Zhang Chen menatap Su Xiaoyu yang menengadah dari SUV, mata penuh kewaspadaan tapi juga harapan samar. Dia tersenyum lebar sambil menggoyangkan gantungan kunci, “Kakak, tangki bensin mobil ini masih setengah penuh, mau kita coba ubah jadi benteng berjalan?”

Su Xiaoyu mengangkat alis, “Kamu juga bisa modifikasi mobil?”

“Tidak tahu sama sekali,” Zhang Chen membuka pintu sopir, memperlihatkan dashboard mekanik, “Tapi saya tahu, selama berani bermimpi, hampir semuanya bisa diubah—misal, pisau bedahmu, jadi senjata yang bisa mematahkan tulang anjing mutan.”

Saat berbicara, ujung jarinya menggores setir, energi sistem mengalir ke mobil. Lampu peringatan di dashboard menyala sebentar lalu padam, mesin mengeluarkan dengungan dalam.

Di balik bayang-bayang garasi, mereka berdiri di samping SUV yang hendak dinyalakan, mayat anjing mutan dan bercak darah mengintip di belakang. Su Xiaoyu memandang punggung Zhang Chen yang sibuk, akhirnya meraih flashdisk di saku, di dalamnya tersimpan sampel virus terakhir yang belum tercemar, dan rekaman yang tak berani ia ceritakan pada siapapun:

“6 April 2035, host No. 002 menunjukkan anomali, energi sistem dalam tubuhnya mulai memperbaiki sel secara mandiri, mirip tanda awal ledakan kontrol pada subjek percobaan pertama.
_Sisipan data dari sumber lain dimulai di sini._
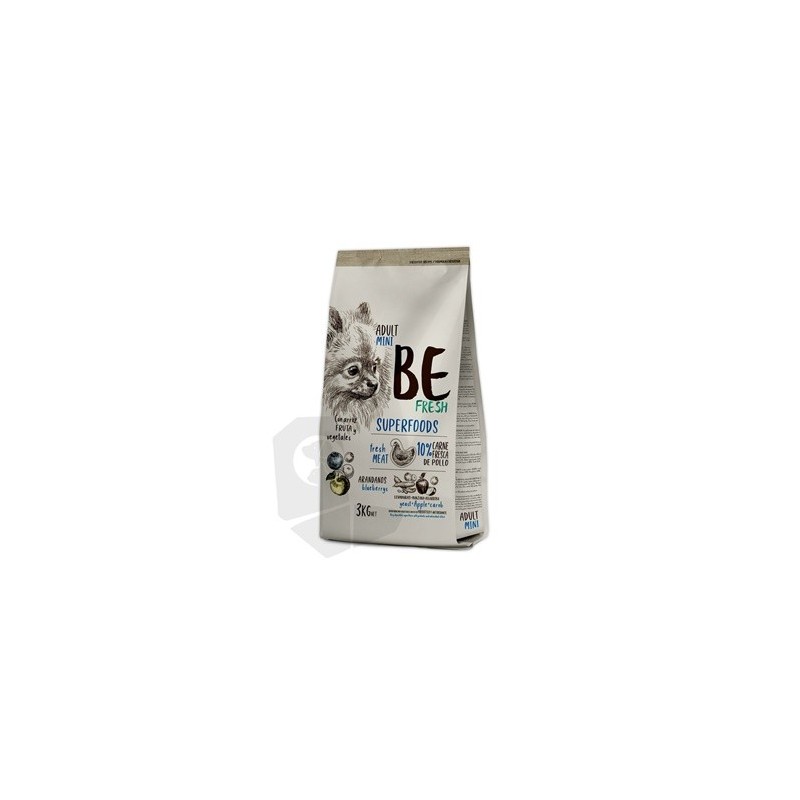 Composición Be Fresh Adult Mini: Proteína deshidratada de ave 24%. Trigo 18%. Salvado de arroz 13%. Pollo fresco 10%. Grasa de ave 9,5% ( fuente de ácidos grasos Omega 6). Proteína animal deshidra- tada 6,5%. Cebada 5%. Maíz 4,5%. Arroz 4,5%. Hidrolizado de hígado de ave 2,5%. Pulpa de manzana 0,5%. Levaduras 0,5% (fuente de MOS). Garrofa 0,4%. Proteína deshidratada de pescado. Aceite de pescado (fuente de ácidos grasos Omega 3). Minerales. Arándanos 0,1%.
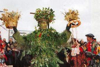 En photo : le Holly Man, prêt à couronner King Bean et Queen Pea
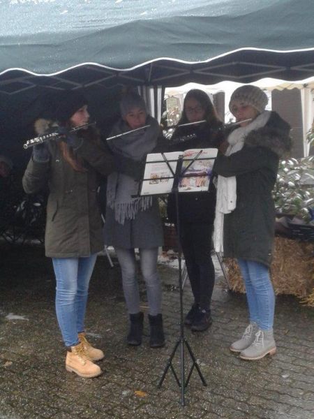 Auf dem Weihnachtsmarkt am Tiergehege im Witthausbusch, organisiert durch die INGHO, spielten unsere Musiker dem schlechten Wetter trotzend mehrstimmige Weihnachtslieder.
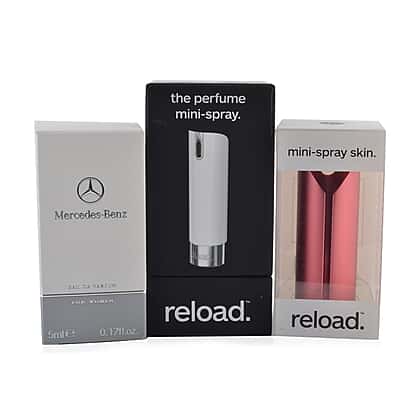 Reload Mini Perfume Spray White (Incl. Mercedes For Women and Aluminium Red Skin)
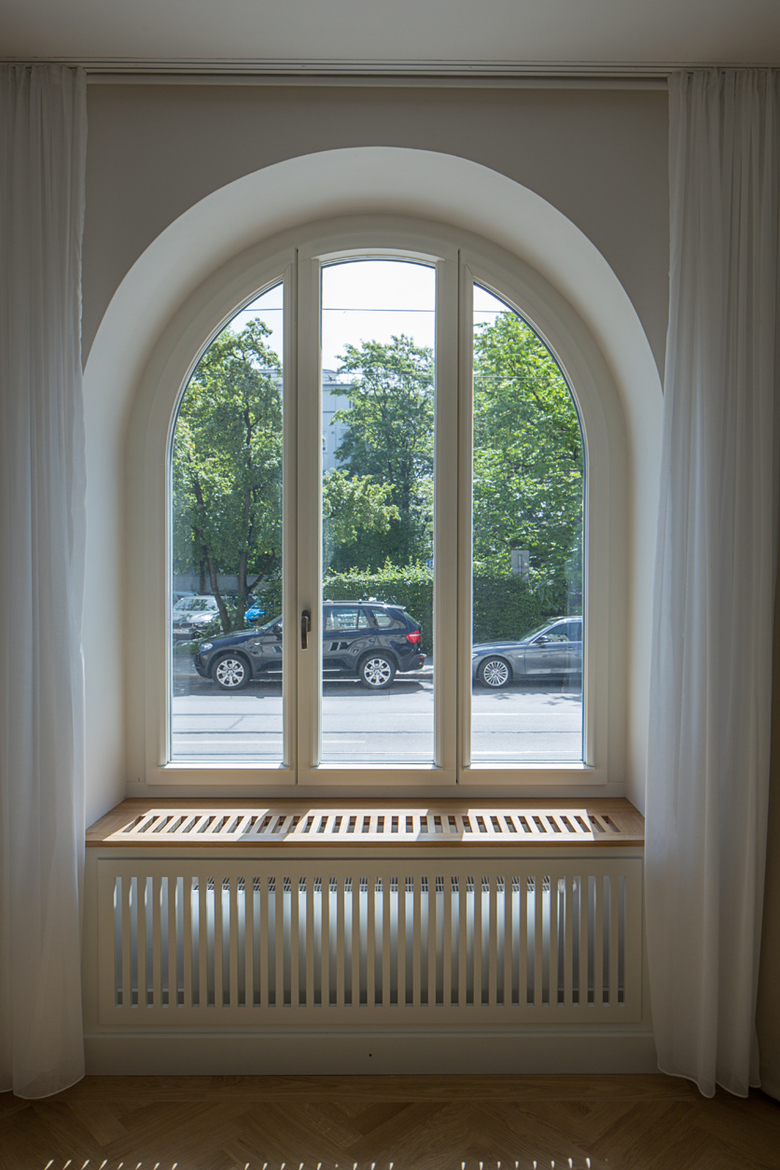 After the general renovation, the building holds 40 offices for the Representatives and three meeting rooms. The charm of the old building remains reflected in the panelled doors and newly installed herringbone parquet flooring. Natural stone inlays in the stairway in the entrance hall are reminiscent of the sophisticated atmosphere of the era it was built in. A cast-iron support uncovered during the restoration has now been exposed and carefully integrated. This witness of a long past time also contributes to the architectural whole: With this modern interpretation of traditional building structures, the House of Representatives in the Ismaninger Strasse has now gained new vigour within its architectural context.
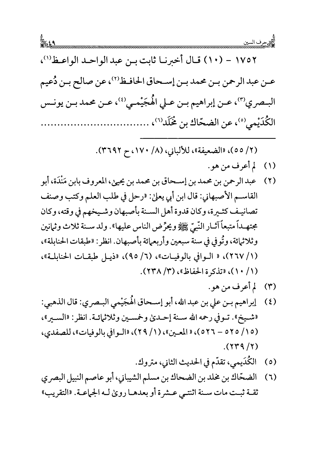 ١٧٥٢ - (١٠) قال أَخْبَرَنَا ثابت بن عبد الواحد الواعظ (¬١)، عن عبد الرحمن بن محمد بن إسحاق الحافظ (¬٢)، عن صالح بن دُعيم البصري (¬٣)، عن إبراهيم بن علي الهُجَيْمي (¬٤)، عن محمد بن يونس الكُدَيْمي (¬٥)، عن الضحّاك بن مخلَد (¬٦)، . . . . . .
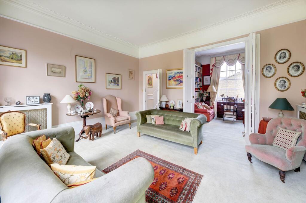 A much-loved Grade II listed end of terrace family home over five storeys situated on a delightful communal garden square.
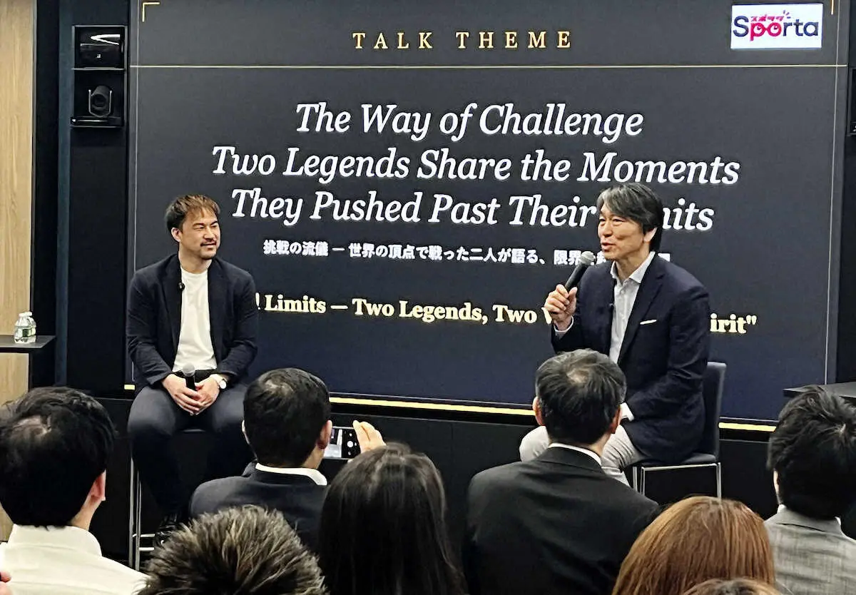 日本遺産大使に任命され、ビデオメッセージを寄せた元プロ野球選手の松井秀喜氏(右)

Tapi yang aneh, kesadarannya tidak tertelan sistem, malah...”

Rekaman terhenti di situ, bagian selanjutnya penuh noda tinta hitam, seolah seseorang tergesa menghapusnya.

Su Xiaoyu menatap flashdisk, lalu mendengar panggilan Zhang Chen, “Hei, dokter wanita! Ayo masuk mobil, kita ke lantai B3 cari generator, sekalian cari sarung pisau bedah yang lebih bagus—misalnya, dari tulang anjing mutan?”

Dia tersenyum pelan, menyimpan flashdisk di dasar kotak P3K. Siapa pun pria ini sebenarnya, setidaknya saat ini dia satu-satunya jangkar di dunia akhir zaman yang ia miliki. Namun tanpa diketahui Su Xiaoyu, layar sistem di retina Zhang Chen diam-diam merekam setiap gerakannya, angka adaptasi host naik dengan kecepatan yang bisa dilihat mata.

Dari ventilasi jauh di dalam garasi, terdengar langkah berat yang lebih mengancam daripada anjing mutan. Itu adalah Lao Dao membawa anak buahnya, menyusuri jejak darah menuju tempat perlindungan sementara ini.